Problem
Could you write out, exactly, every line from the top of the data through the line holding "주장했다. 카라카스=EPA연합뉴스 |"? Omit the pictures.

Source material
-- Opening Marker --
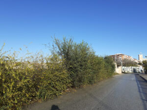La actuación solicitada en esta ocasión es en la calle San Benito, que es la calle de acceso al Instituto Navarro Santafé, la Escuela de Adultos y al colegio Ruperto Chapí por su entrada lateral. La vegetación, en este punto, ha crecido tanto que impide que circulen dos vehículos por una calle que es de doble sentido.
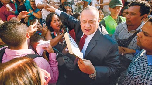 | 베네수엘라 국민들 “야당 태업으로 고통” 23일(현지시간) 베네수엘라 집권여당인 통합사회주의당(PSUV) 디오스다도 카베요 의원이 카라카스 의회 밖에서 시민들의 항의를 받고 있다. 이날 아리스토불로 이스투리스 부통령은 2015년 보고서를 의회에 제출하면서 “현재의 생필품 부족 사태는 야당의 태업 때문”이라고 주장했다. 카라카스=EPA연합뉴스 |
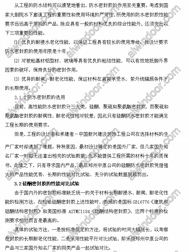 This is mainly about the watertight construction and requirements of the National Grand Theater underwater gallery, and focuses on the performance of silicone waterproof sealant selected on this project. Through the imitation test and actual application it shows that the innovative structure meets the dual requirement for construction landscape effects and waterproof function perfectly. 關鍵詞:
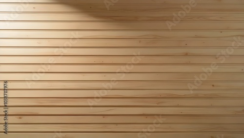 Horizontal wooden planks with smooth finish and soft, warm lighting, creating a pattern of alternating light and shadow for design purposes.
-- Closing Marker --
The completed task
La actuación solicitada en esta ocasión es en la calle San Benito, que es la calle de acceso al Instituto Navarro Santafé, la Escuela de Adultos y al colegio Ruperto Chapí por su entrada lateral. La vegetación, en este punto, ha crecido tanto que impide que circulen dos vehículos por una calle que es de doble sentido.
 | 베네수엘라 국민들 “야당 태업으로 고통” 23일(현지시간) 베네수엘라 집권여당인 통합사회주의당(PSUV) 디오스다도 카베요 의원이 카라카스 의회 밖에서 시민들의 항의를 받고 있다. 이날 아리스토불로 이스투리스 부통령은 2015년 보고서를 의회에 제출하면서 “현재의 생필품 부족 사태는 야당의 태업 때문”이라고 주장했다. 카라카스=EPA연합뉴스 |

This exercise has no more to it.